(Records from a data source)
════════════════════

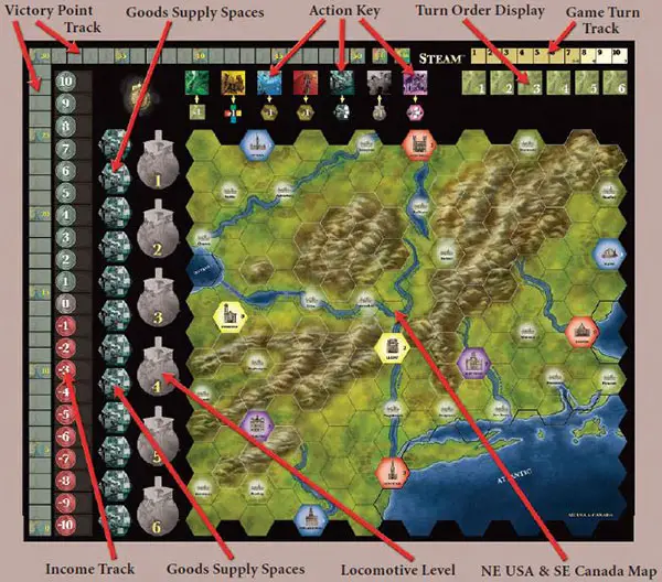 Steam is a game about building railroads and delivering goods along the network of tracks. You build the tracks and improve your locomotive to make the longest, most profitable deliveries possible. Moving goods around the map scores points that add to your income or victory points.
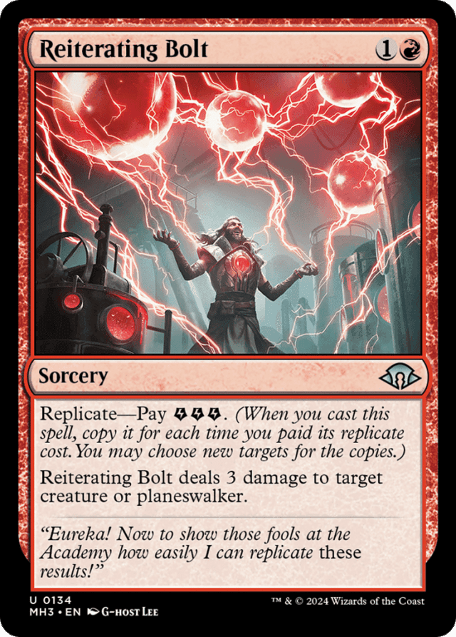 Replicate—Pay {E}{E}{E}. (When you cast this spell, copy it for each time you paid its replicate cost. You may choose new targets for the copies.) Reiterating Bolt deals 3 damage to target creature or planeswalker.
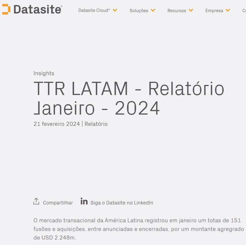 O mercado transacional da América Latina registrou em janeiro um totas de 151 fusões e aquisições, entre anunciadas e encerradas, por um montante agregrado de USD 2.248m.
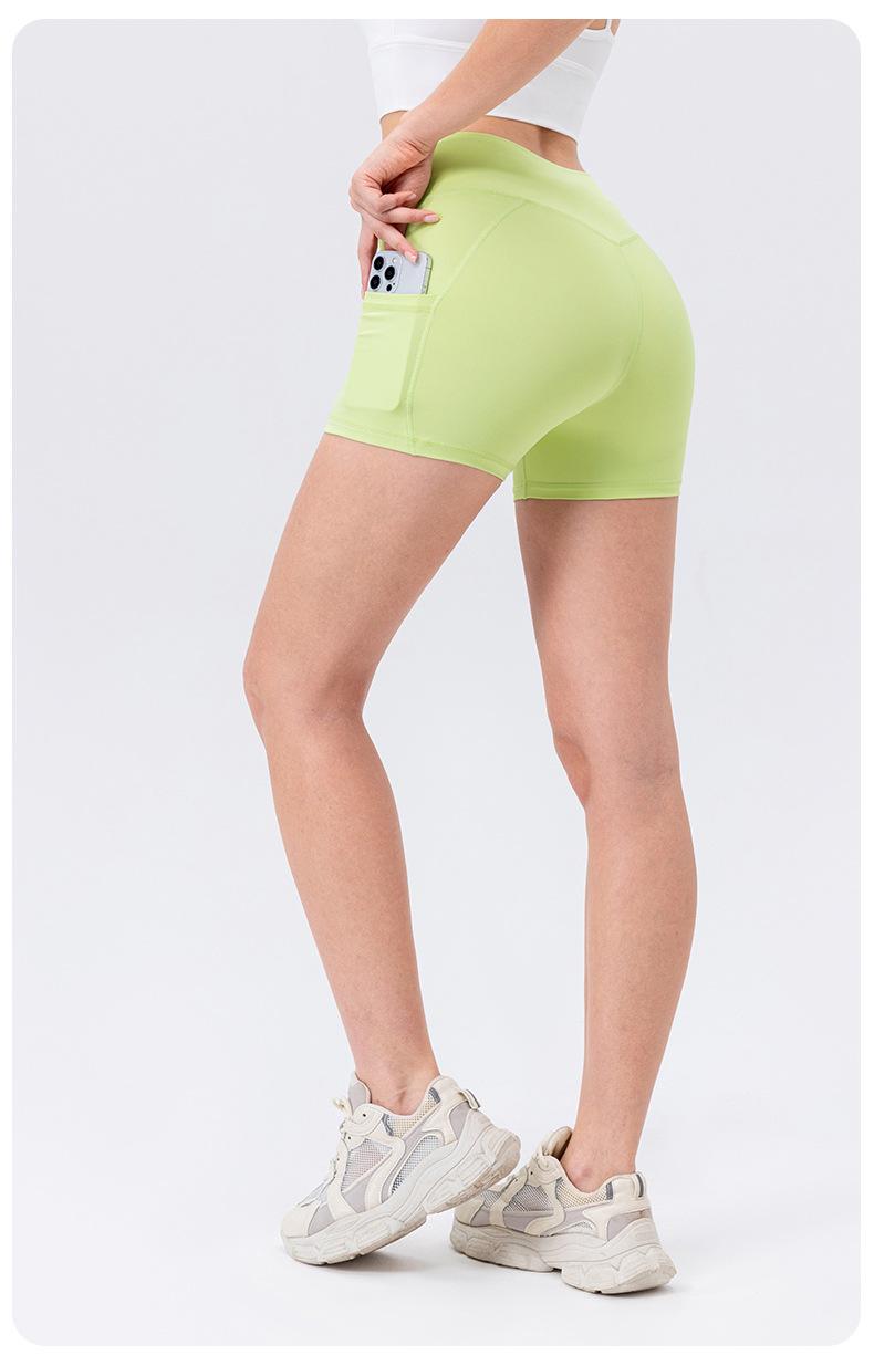 Pantalones cortos de yoga para mujer, estilo europeo y americano, ajustados, color melocotón, para correr, de cintura alta, para fitness, 42456
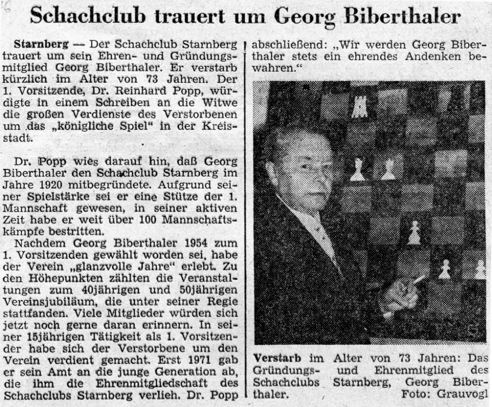 Das Ableben von Christian Gerstetter war für die Mitglieder des SK Starnberg womöglich umso schmerzhafter, da etwa ein Jahr zuvor eine weitere Klublegende das Zeitliche gesegnet hatte. Georg Biberthaler, von September 1954 bis September 1971 Vorsitzender des Vereins, verstarb am 14.12.1976 im Alter von 73 Jahren. Wie Gerstetter zählte auch Biberthaler am 01.09.1920 zu den elf Gründungsmitgliedern des SK Starnberg, er war damals gerade 17 Jahre alt. Im Gegensatz zu Gerstetter war Biberthaler weniger als Spieler denn als Schachfunktionär erfolgreich. Vor seiner Zeit als Vereinsoberhaupt war er von 1936 bis 1944 sowie von 1949 bis 1954 bereits Vize-Vorsitzender. Daneben engagierte sich der passionierte Zigarettenraucher mehrere Jahre im Schachverband Oberbayern: von 1950 bis 1952 war Biberthaler stellvertretender Leiter des Verbands, von 1952 bis 1954 übernahm er den Vorsitz.
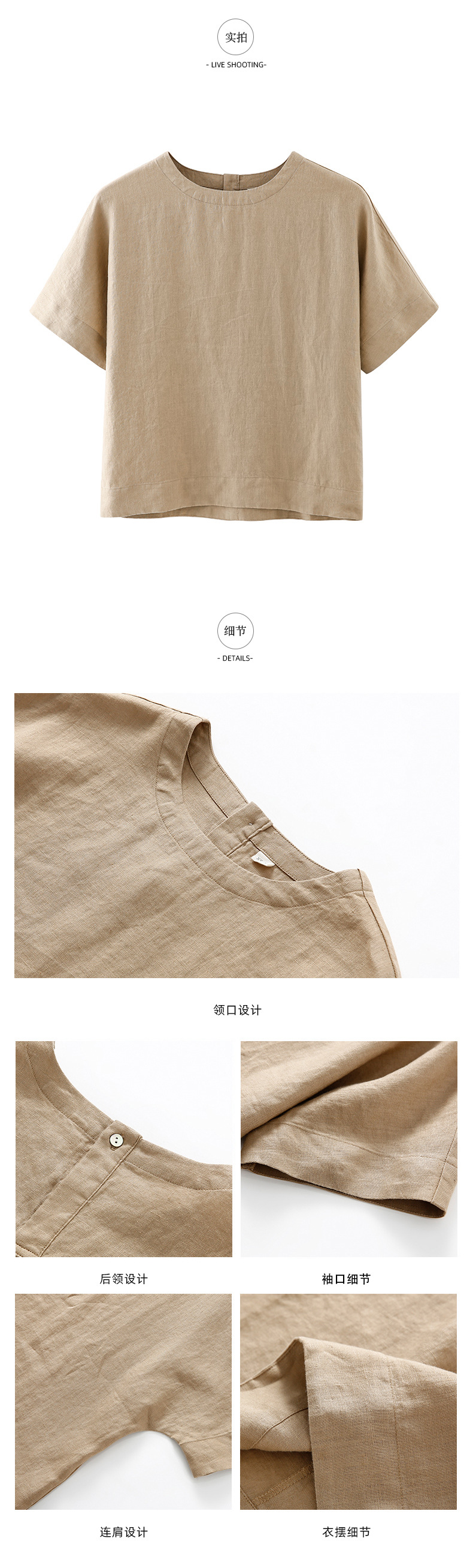 • 리넨 짧은 소매 블라우스-카멜

════════════════════

» **PROBLEM DETAILS**
Give the data above again in full and unchanged, skipping the pictures.

» **YOUR RESPONSE**
 Steam is a game about building railroads and delivering goods along the network of tracks. You build the tracks and improve your locomotive to make the longest, most profitable deliveries possible. Moving goods around the map scores points that add to your income or victory points.
 Replicate—Pay {E}{E}{E}. (When you cast this spell, copy it for each time you paid its replicate cost. You may choose new targets for the copies.) Reiterating Bolt deals 3 damage to target creature or planeswalker.
 O mercado transacional da América Latina registrou em janeiro um totas de 151 fusões e aquisições, entre anunciadas e encerradas, por um montante agregrado de USD 2.248m.
 Pantalones cortos de yoga para mujer, estilo europeo y americano, ajustados, color melocotón, para correr, de cintura alta, para fitness, 42456
 Das Ableben von Christian Gerstetter war für die Mitglieder des SK Starnberg womöglich umso schmerzhafter, da etwa ein Jahr zuvor eine weitere Klublegende das Zeitliche gesegnet hatte. Georg Biberthaler, von September 1954 bis September 1971 Vorsitzender des Vereins, verstarb am 14.12.1976 im Alter von 73 Jahren. Wie Gerstetter zählte auch Biberthaler am 01.09.1920 zu den elf Gründungsmitgliedern des SK Starnberg, er war damals gerade 17 Jahre alt. Im Gegensatz zu Gerstetter war Biberthaler weniger als Spieler denn als Schachfunktionär erfolgreich. Vor seiner Zeit als Vereinsoberhaupt war er von 1936 bis 1944 sowie von 1949 bis 1954 bereits Vize-Vorsitzender. Daneben engagierte sich der passionierte Zigarettenraucher mehrere Jahre im Schachverband Oberbayern: von 1950 bis 1952 war Biberthaler stellvertretender Leiter des Verbands, von 1952 bis 1954 übernahm er den Vorsitz.
 • 리넨 짧은 소매 블라우스-카멜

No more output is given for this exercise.